Ob Ohrfeige oder nicht, ob die Demonstration von "Intimität" mit Reagan diplomatisch gelungen war oder zu durchsichtig - eines steht jedenfalls fest: So begegnet ein Satellit seiner Führungsmacht. Erst so tun, als würde die Qualität der deutschen Verteidigungsanstrengungen die Quantität 3% längst errreichen -
"daß - wie der Kanzler nicht müde wurde zu betonen - die westliche Strategie gegenüber der Sowjetunion neben der militärischen Komponente unbedingt auch der politischen, psychologischen und wirtschaftlichen Begleitung bedürfe" (Zeit) -,
dann die Zusage im Koffer, die quantitative Forderung der USA voll einzuhalten; schließlich das intime Vertrauen so hinfrisiert, als könne der Satellit so schmarotzerhaft weitermachen wie bisher. Wenn dann der Reagan sagt, was er vom Kanzler will, wird's gemacht.
Ein "Autoritätsverlust"?
Wie man's nimmt. Fürs Volk macht es keinen Unterschied zwischen Schmidt, dem Mann des Jahres, und Schmidt, dem Satelliten-Kanzler, der von Reagan seine Befehle entgegennimmt -- es merkt die Konsequenzen. Aber für das Ansehen des Souveräns schon. Immerhin ist der Kanzler in Zeiten der Entspannungspolitik und ihren fruchtbaren Folgen für die BRD groß geworden. Jetzt, wo die auf treue Bündnispartnerschaft zu den USA gebaute Souveränität wegen ihrer daraus resultierenden Verpflichtungen zurückstecken muß, muß er sich folgendes - ausgerechnet von einem jugendlichen Parteigenossen - sagen lassen:
"Wenn Lambsdorff die Wirtschaftspolitik bestimmen würde und Reagan die Außenpolitik, wäre dann nicht der Punkt erreicht, wo man sagen muß, wozu sind wir eigentlich an der Regierung?" (Gerhard Schröder)

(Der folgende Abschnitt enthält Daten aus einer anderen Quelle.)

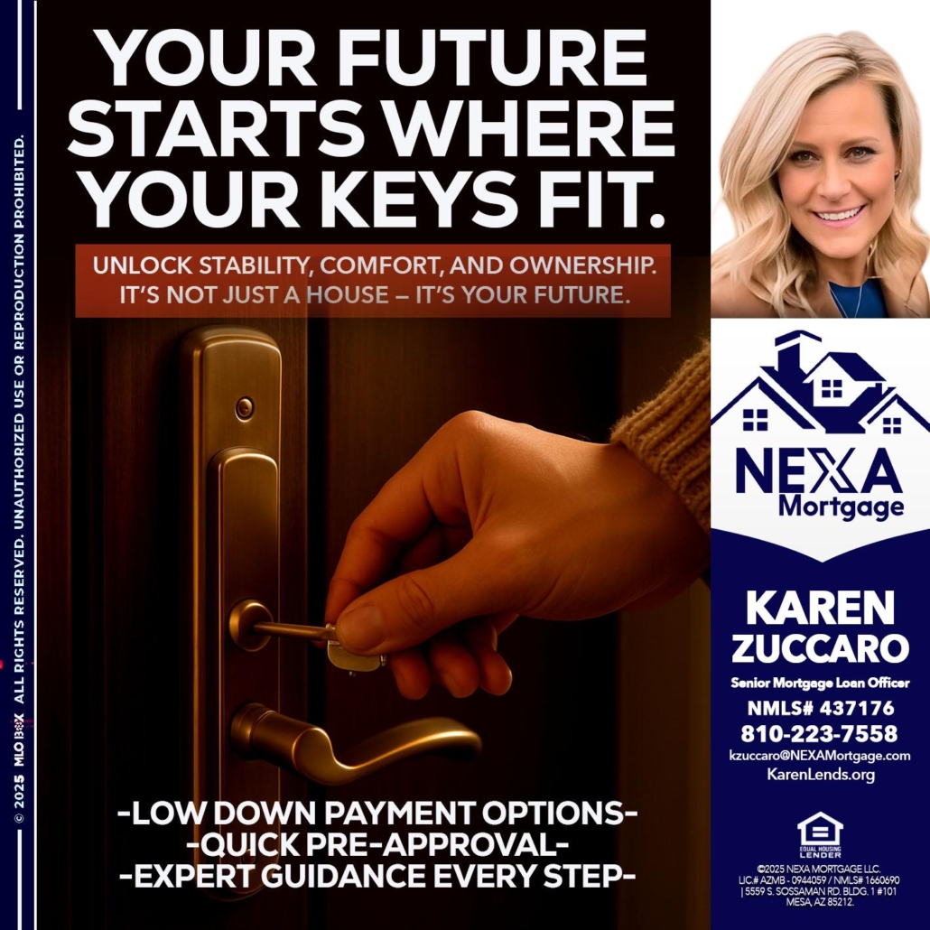 YOUR FUTURE - Karen Zuccaro -Senior Mortgage Loan OfficerHi, my name is Karen Zuccaro. I’m a Loan Officer with NEXA Mortgage LLC., offering personalized mortgage solutions, fast customized quotes, great rates and service with integrity.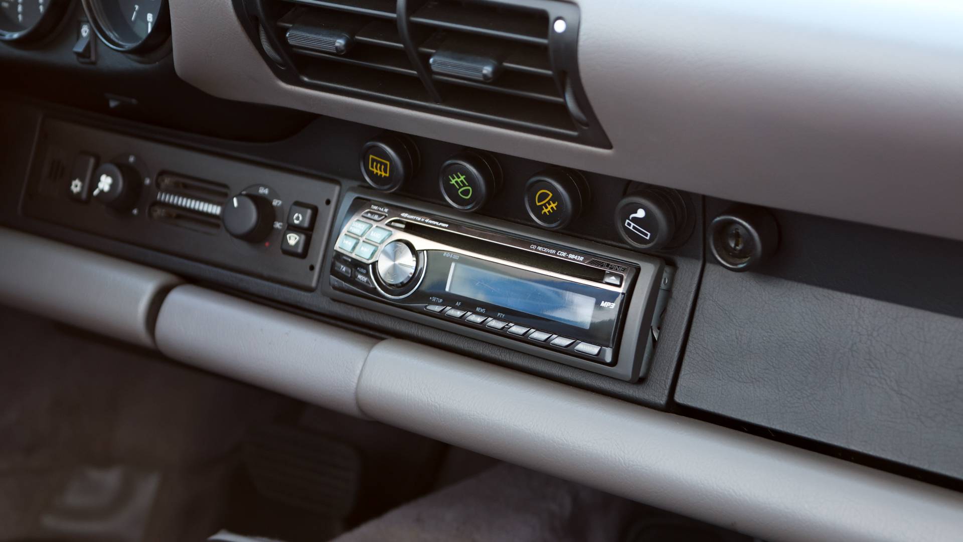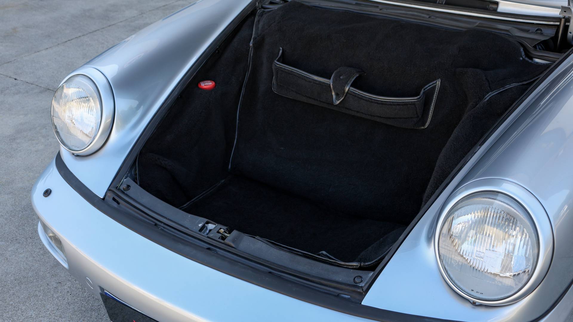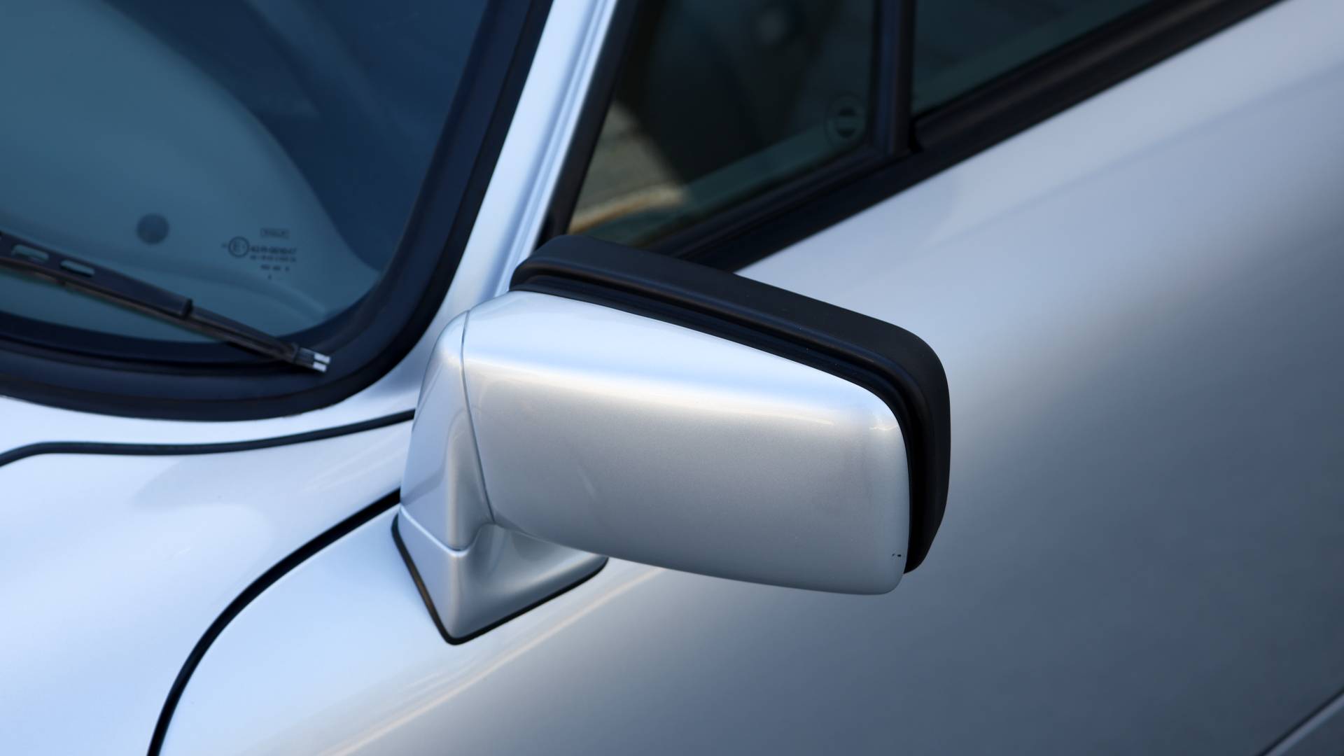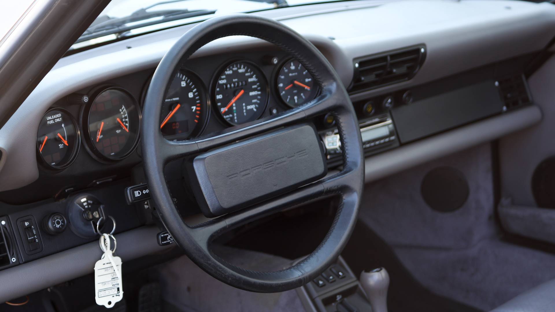Questo esemplare è rifinito in Polarsilber Metallic (92E) con interni in pelle grigia, completati da un tetto soft-top blu. La combinazione è elegante e raffinata, e accentua perfettamente le curve sinuose e gli angoli netti della 964 Cabriolet.

- von einem Reagan-Berater:
"Der deutsche Kanzler soll sich gut überlegen, wessen Druck er länger standhalten kann: dem seiner Partei zu Hause oder dem amerikanischen hier." (Professor Richard Pipes)
Da kann es schon sein, daß an der Größe des Lehrmeisters der Welt etwas abbröckelt. Auf die Macht kommt's halt an bei einem Kanzler. Adenauer ließ noch genüßlich die Unfreiheit: "die Sowjets und ihre Satelliten" auf der Zunge zergehen. Ganz zu Unrecht, denn im Lexikon steht die richtige Definition der BRD im westlichen Bündnis:
"Satellitenstaat, ein formell unabhängiger, tatsächlich unter dem bestimmenden Einfluß einer Großmacht stehender Staat." (dtv-Lexikon)

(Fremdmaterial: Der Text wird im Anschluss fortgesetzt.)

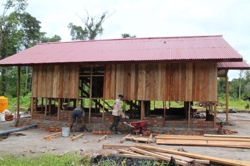 Merauke,(KPN)- Pembangunan 20 unit rumah masyarakat di Kampung Epem, Distrik Citak Mitak Kabupaten Mappi yang dikerjakan oleh Anggota Satgas TMMD Ke-107 Kodim 1707/Merauke hingga saat ini terus berjalan dengan baik dan lancar.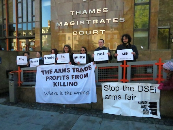 “The weapons companies and militaries responsible for the civilians killed on the streets of Bahrain and Egypt, for those killed in drone attacks, and even for arming Assad, will be in London. We’re taking action to stand in their way, to bring down the government support for the arms fair and to take on those who profit from conflict and repression.”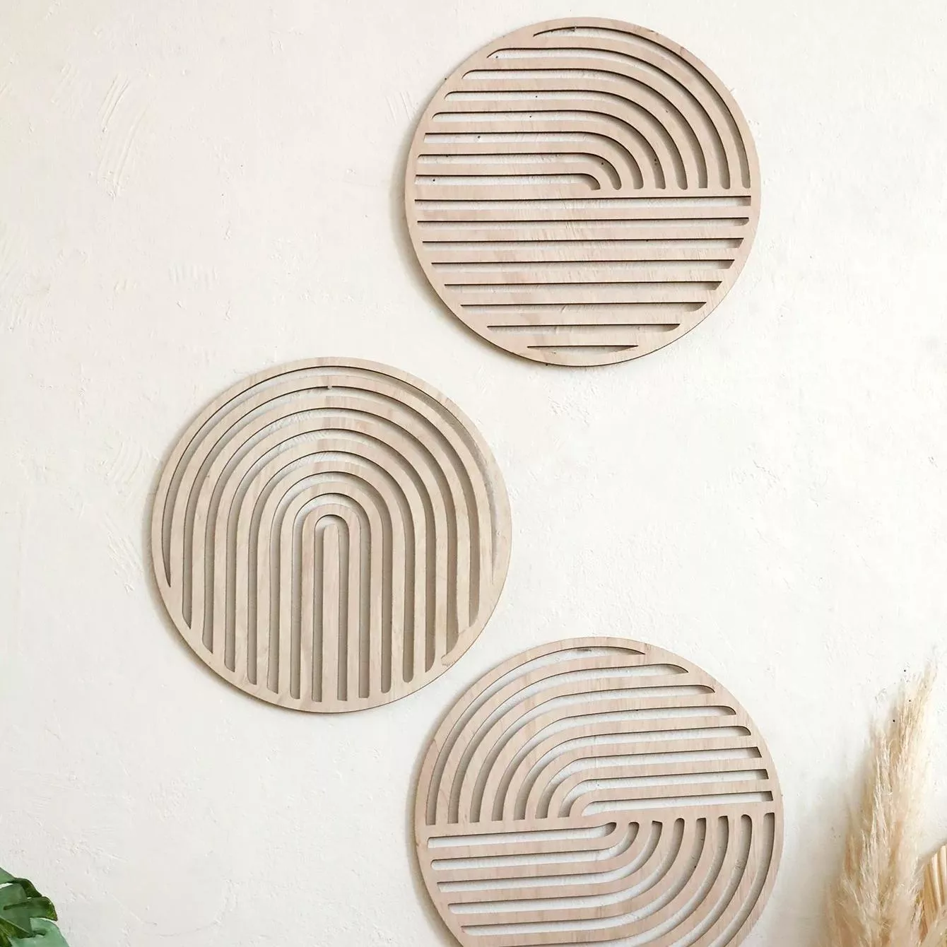 Natural Wooden Wall Hanging Water Ripples Boho Wall Art for Living Room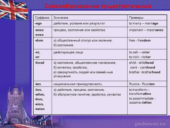 Словообразование существительных Суффикс Значение Примеры -age действие, условие или результат to marry – marriage -ance -ence процесс, состояние или свойство important – importance -dom а) общественный статус или явление; б) состояние free - freedom -er, -or действующее лицо to sell – seller to visit - visitor -hood а) состояние, общественное положение; б) качества, свойства; в) совокупность людей или семей-ные отношения child - childhood saint - sainthood brother -brotherhood -ian национальная принадлежность Russia - Russian -ion, -ation, -sion, -ssion а) действие, процесс, состояние; б) абстрактное понятие; свойство, качество to transform – transformation to accommodate - accomo-dation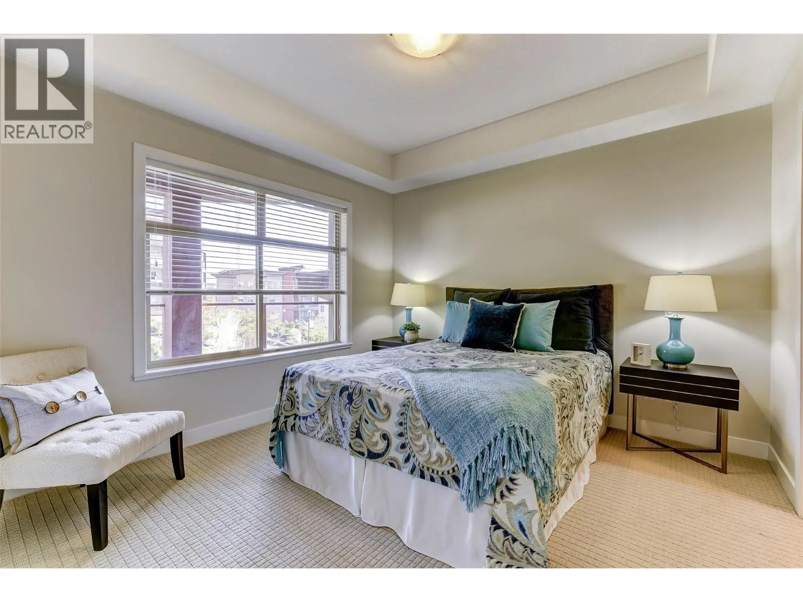 Lovely one bedroom condo at desirable Copper Sky close to shopping, restaurants, transit, golf, wineries and beach. Beautifully finished with Granite countertops, stainless steel appliances, I suite laundry, deck with lakeview (bbq allowed), underground secured parking stall, storage locker. Fabulous amenity building with gorgeous pool, hot tub, steam room, sauna, tennis/basketball/pickleball courts, putting green,, fitness center, meeting rooms, and gathering spaces with large screen tvs, kitchen, library - you never have to go anywhere for something to do. Rentals allowed, no property transfer tax and no Spec Tax. Perfect home, investment or vacation spot! Minutes into Kelowna. Pet info: 1 dog (up to 15 kg) and 1 cat or 2 dogs (up to 10 kg). Strata fees $425, parking stall, storage locker . Pictures are from a similar one bedroom staged unit. (id:27476)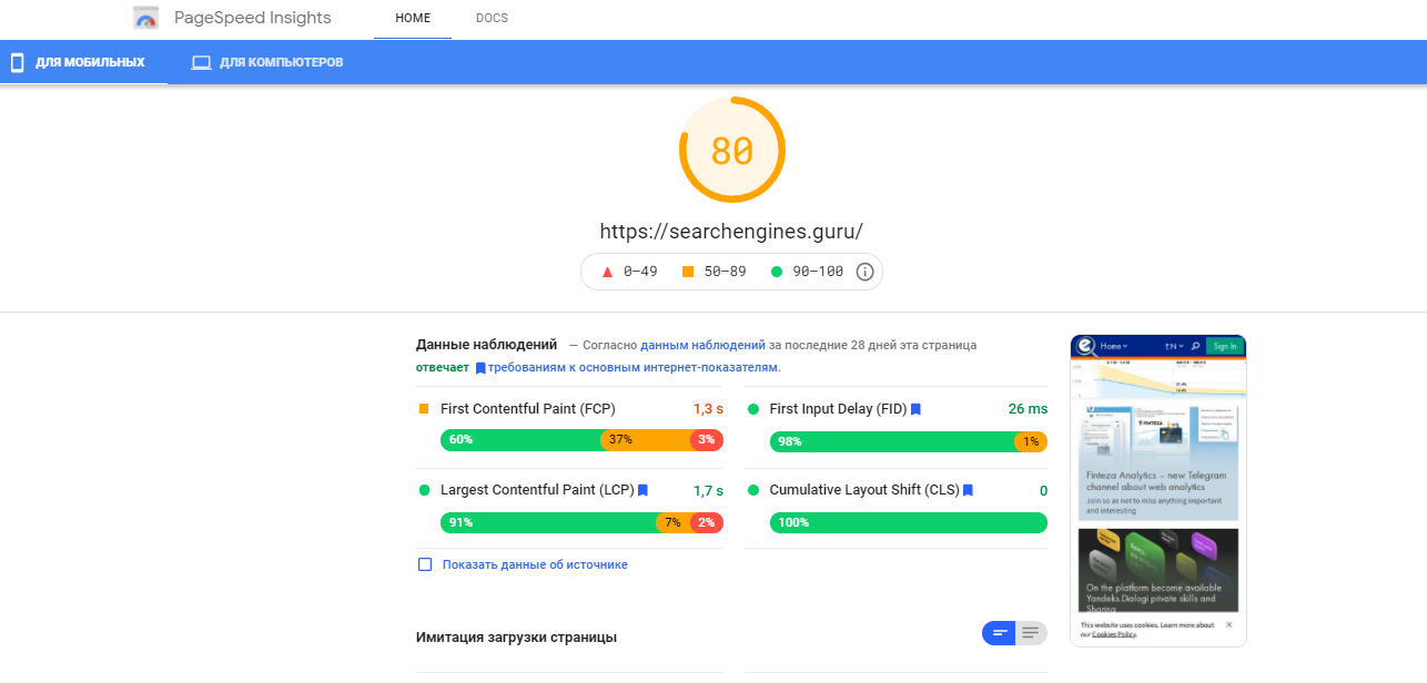 Например, это можно сделать с помощью инструмента PageSpeed Insights или отчета Lighthouse в аналитическом сервисе Finteza.

So kann man dem Wunsch des Bundeskanzlers zu seinem 62. Geburtstag sogar eine ungeheuchelte Seite abgewinnen: "Ich wünsche mir für Deutschland und Europa, daß das Jahr 1981 ebenso friedlich verlaufen möge wie das Jahr 1980. ...Das ist einerseits ein politischer Wunsch, andererseits aber auch mein ganz persönlicher."
Nur, was heißt das für diejenigen, die auf diesem Gebiet nicht gefragt werden?